Data below —
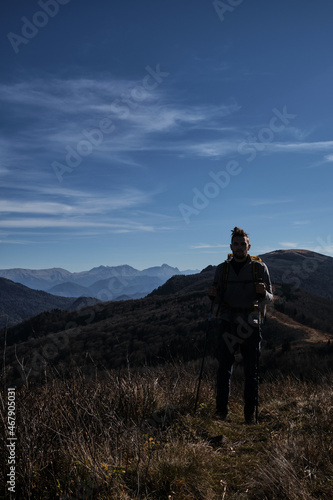Good weather and tourists walk along famous trail in reserve. Caucasian young male traveler walks through mountains with large backpack and enjoys views of nature.
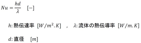 ここでの目標は、式4に登場する熱伝達率hを求めることです。そのために、ヌセルト数Nuが登場します。ヌセルト数は式8で定義されます。
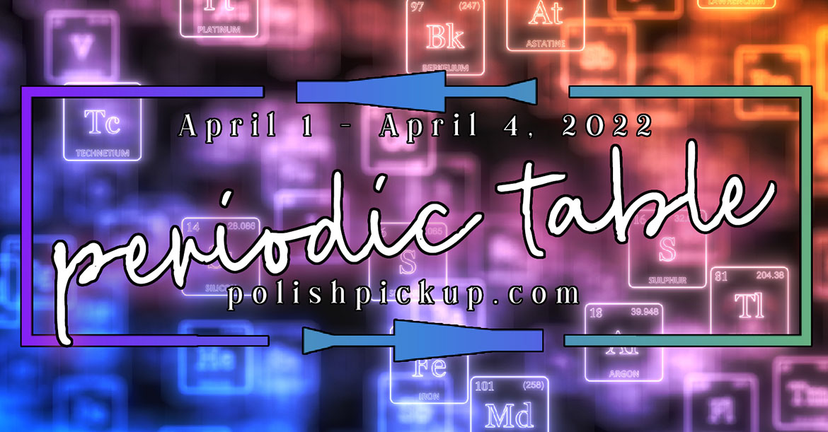 Happy Saturday… almost Sunday. It’s late and I’m hoping I finish this post up before I head to bed. I have my big post for Polish Pickup ready, and for April 2022 the theme is Periodic Table!

What to do — When you repeat the data, keep it exact and drop every picture.

Exercise output —
Good weather and tourists walk along famous trail in reserve. Caucasian young male traveler walks through mountains with large backpack and enjoys views of nature.
 ここでの目標は、式4に登場する熱伝達率hを求めることです。そのために、ヌセルト数Nuが登場します。ヌセルト数は式8で定義されます。
 Happy Saturday… almost Sunday. It’s late and I’m hoping I finish this post up before I head to bed. I have my big post for Polish Pickup ready, and for April 2022 the theme is Periodic Table!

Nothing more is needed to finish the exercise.